→ WHAT IS NEEDED:
Exactly the lines below starting at the line with "Peraturan Walikota Makassar" and ending at the line with "SanDisk 512GB High" are wanted, with both ends included. Leave out the pictures and add no other lines.

→ DATA IN THIS EXERCISE:
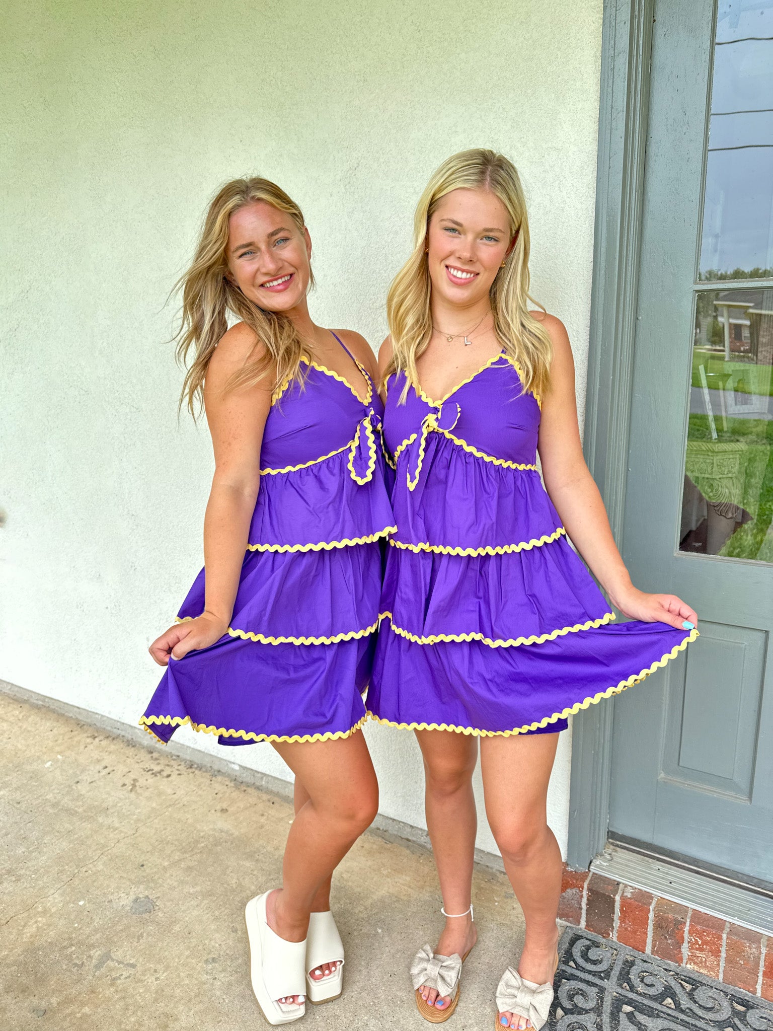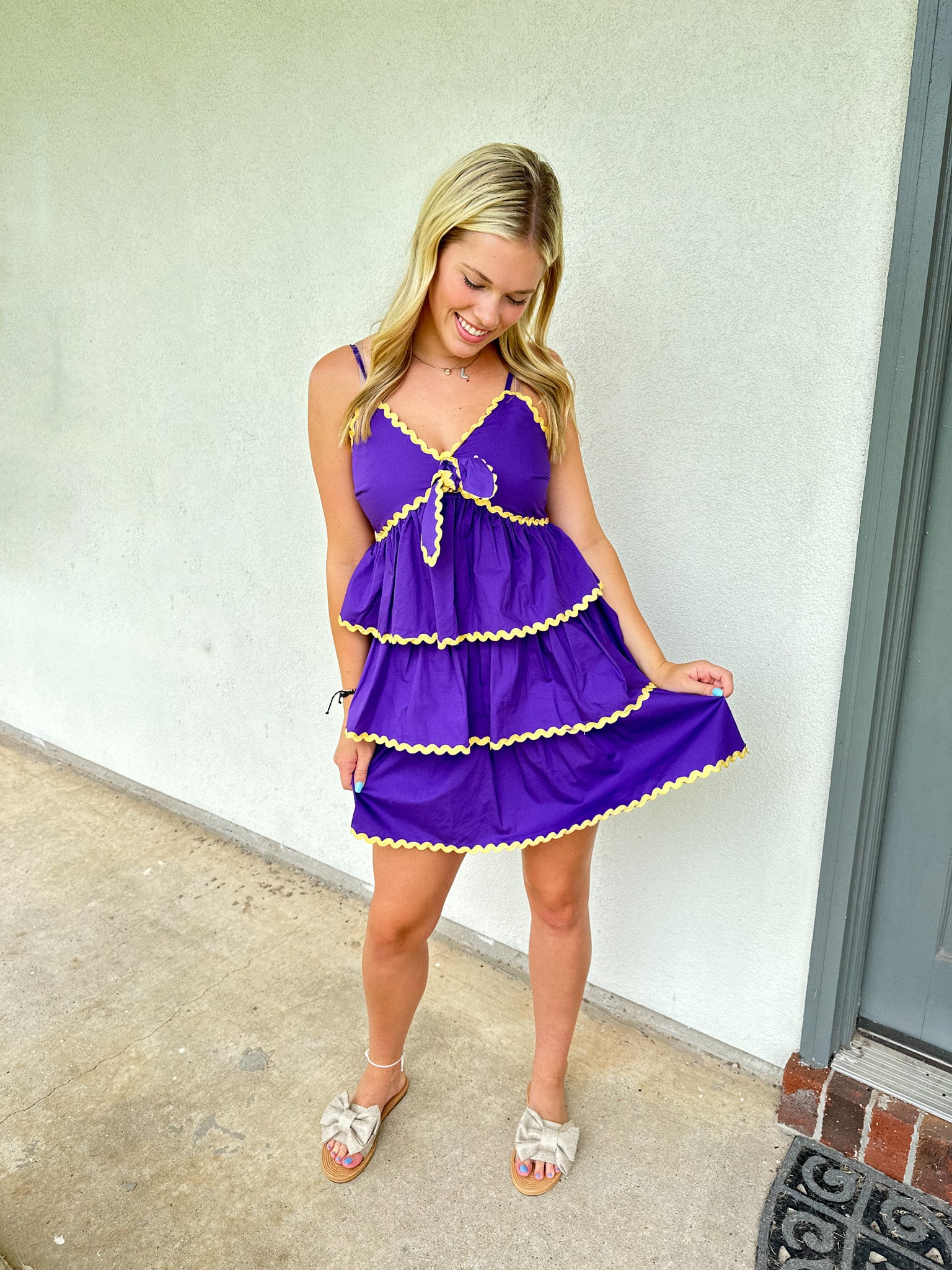 Get ready for game day in style with the Peach Love Tiered Dress! Made of comfortable cotton poplin with contrasting trim, this dress features playful tiered layers that will make you stand out in the crowd. Perfect for a playful and fun-loving fashionista. Go team!
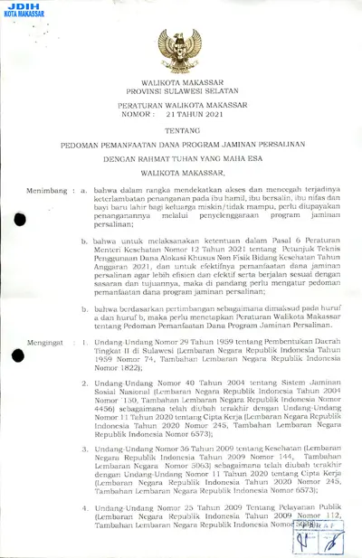 Peraturan Walikota Makassar Nomor 21 Tahun 2021 Tentang Pedoman Pemanfaatan Dana Program Jaminan Persalinan
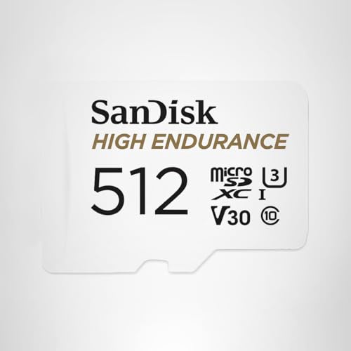 SanDisk 512GB High Endurance Video microSDXC Card with Adapter for Dash Cam and Home Monitoring Systems - C10, U3, V30, 4K UHD, Micro SD Card - SDSQQNR-512G-GN6IA
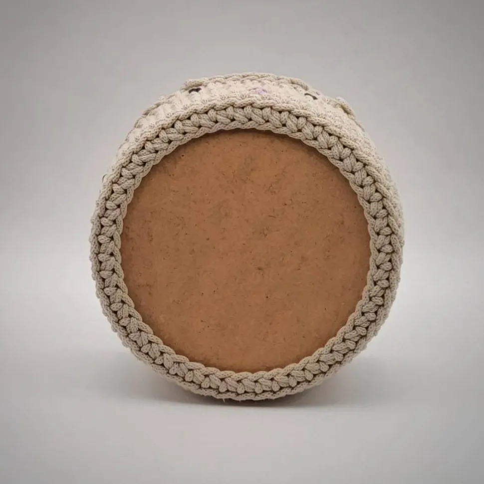 Handgemacht aus robustem Baumwollgarn, mit festem Holzboden für Stabilität und Wiederverwendbarkeit.
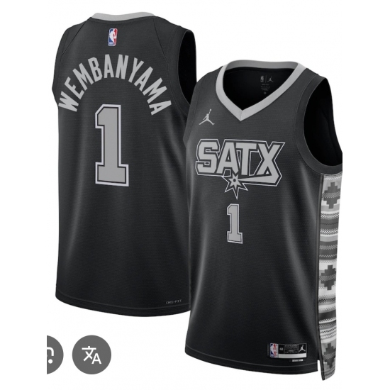 Men's San Antonio Spurs #1 Victor Wembanyama Black 2025 Statement Edition Stitched Basketball Jersey
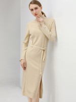 Apricot Stand Collar Tie Waist Knit Shift Dress
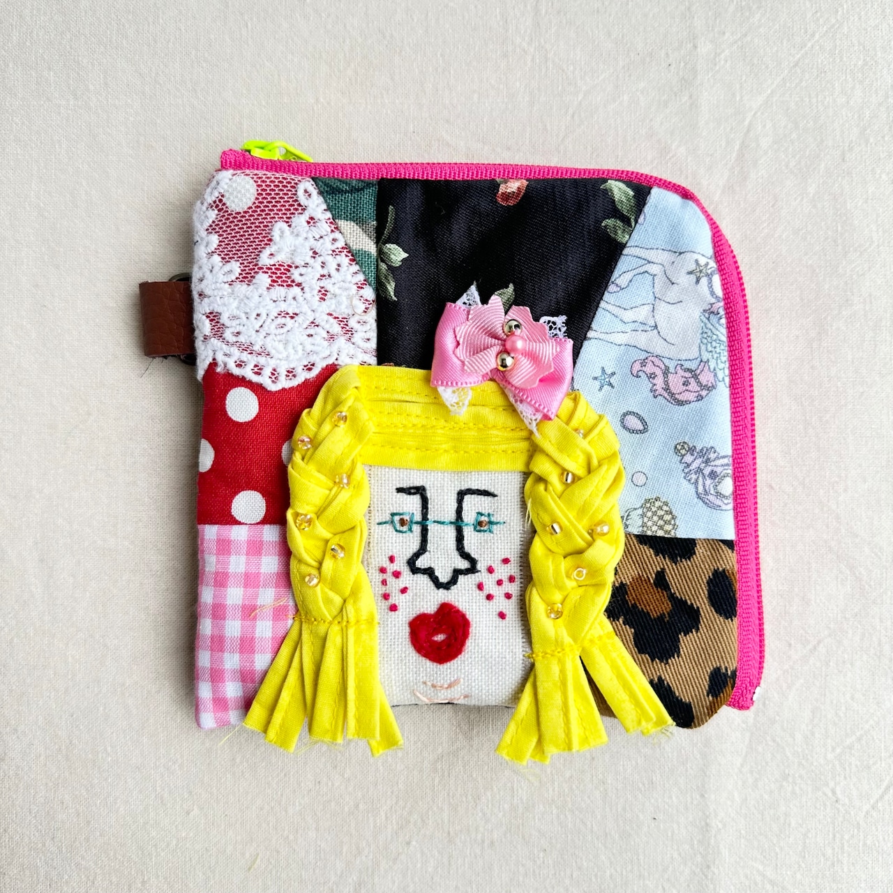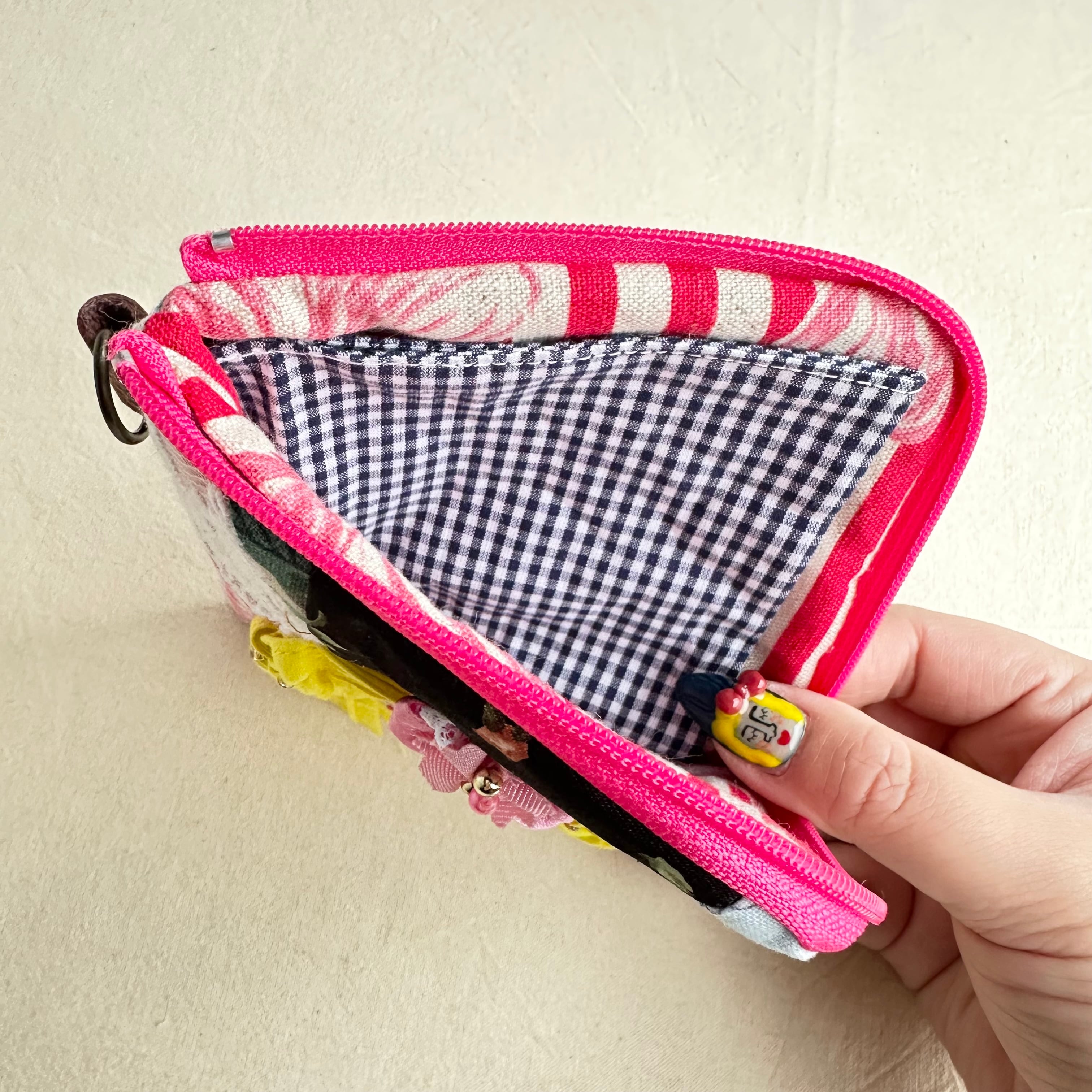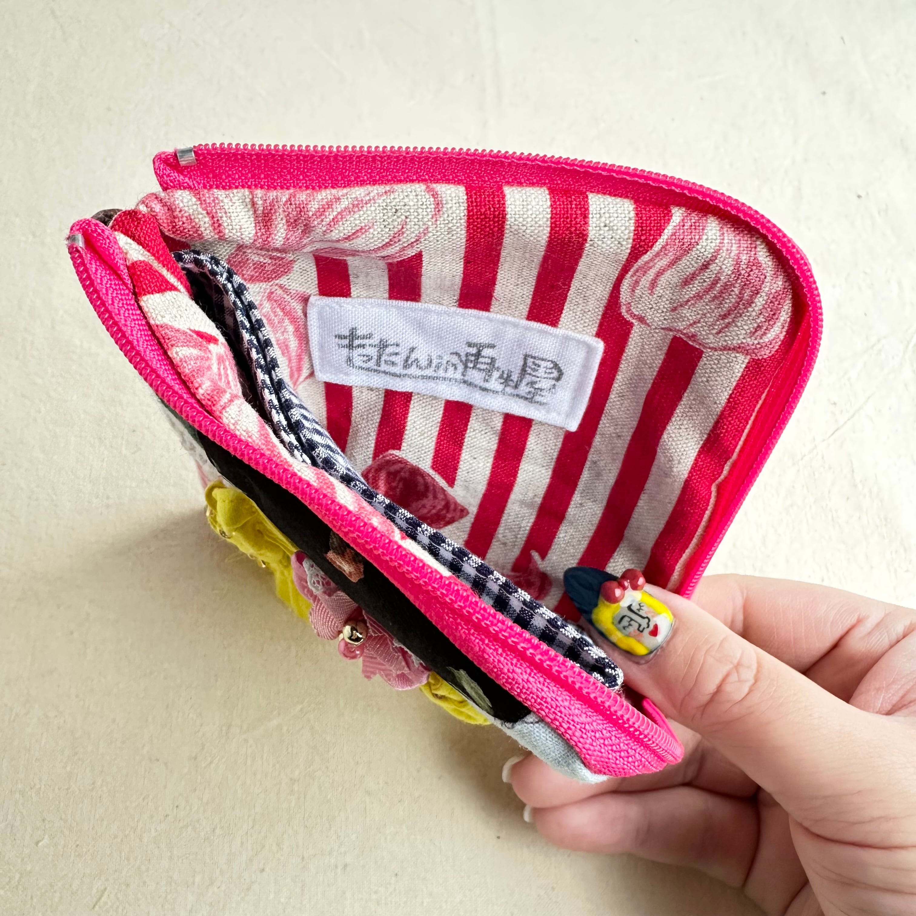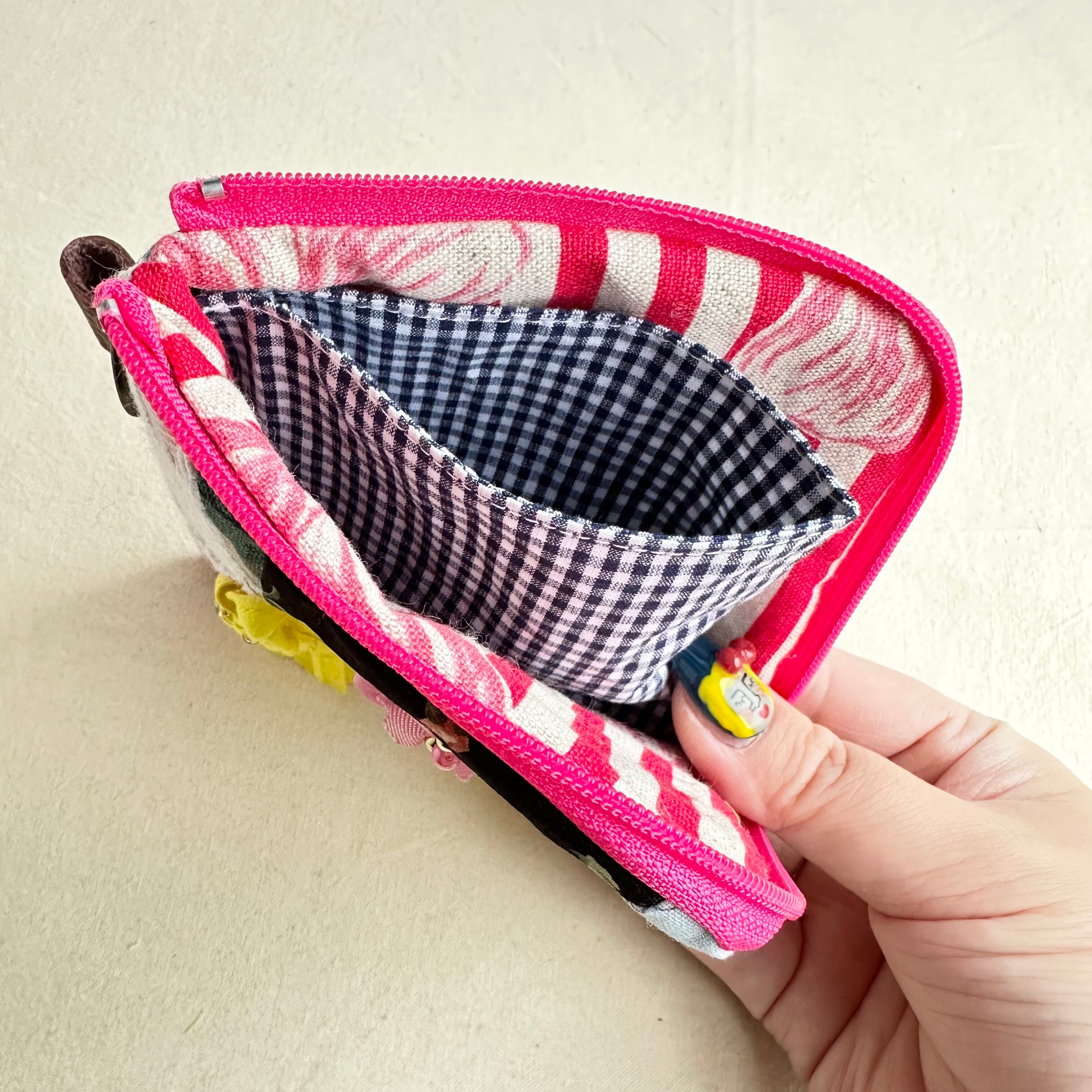 120 カオ刺繡のL字ジップお財布ポーチ 120

→ FINISHED EXERCISE:
 Peraturan Walikota Makassar Nomor 21 Tahun 2021 Tentang Pedoman Pemanfaatan Dana Program Jaminan Persalinan
 SanDisk 512GB High Endurance Video microSDXC Card with Adapter for Dash Cam and Home Monitoring Systems - C10, U3, V30, 4K UHD, Micro SD Card - SDSQQNR-512G-GN6IA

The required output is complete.